# Question?



## biggiesmalls657 (Oct 27, 2011)

I have a question for the pros. What phone would be smart to upgrade to? I have my upgrade in a month and I would like to modify mine as seen motorola pretty much says their bootloaders are locked. What phone would be decent? I would like to try ubuntu and the best battery life and performance as best.
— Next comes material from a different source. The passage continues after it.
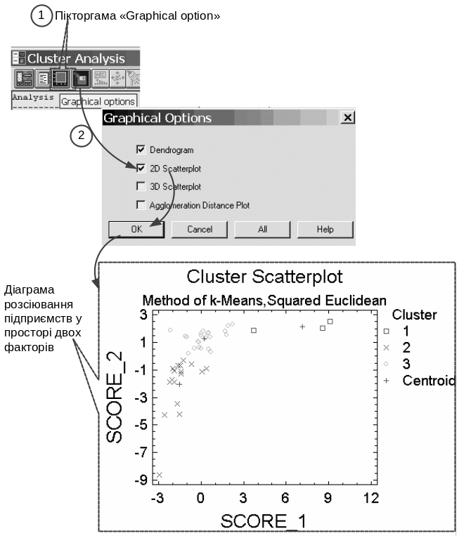 на панелі інструментів вікна кластерного аналізу виберіть піктограму Graphical option та у однойменному вікні, що відкриється увімкніть маркер 2D Scatter Plot (рис. 62);

Sent from my DROID2 using RootzWiki


----------



## AshG (Jun 7, 2011)

Samsung Galaxy Nexus is the best way to go for what you want. Just this week there were ten updated ROMs, six new ROMs, and a slew of kernel updates. You have total control over your device. Recovering from accidents is also far easier than with the other brands.


----------



## AshG (Jun 7, 2011)

Thread moved to appropriate forum.


----------



## MrB206 (Nov 14, 2011)

I just upgraded and went with the LG Spectrum. Unlocked bootloader and more power than the Nexus. I'm working on a CM7 build for it now (testing it as I type this) to get rid of the ugly-ass LG skinned OS. After that, I'll start on a CM9, which will be easier said than done.


----------



## biggiesmalls657 (Oct 27, 2011)

Thank you  I will take both into consideration as I have time to think on this for a month. Who knows a new phone might come out that goes beyond the expectations of both!

Sent from my DROID2 using RootzWiki


----------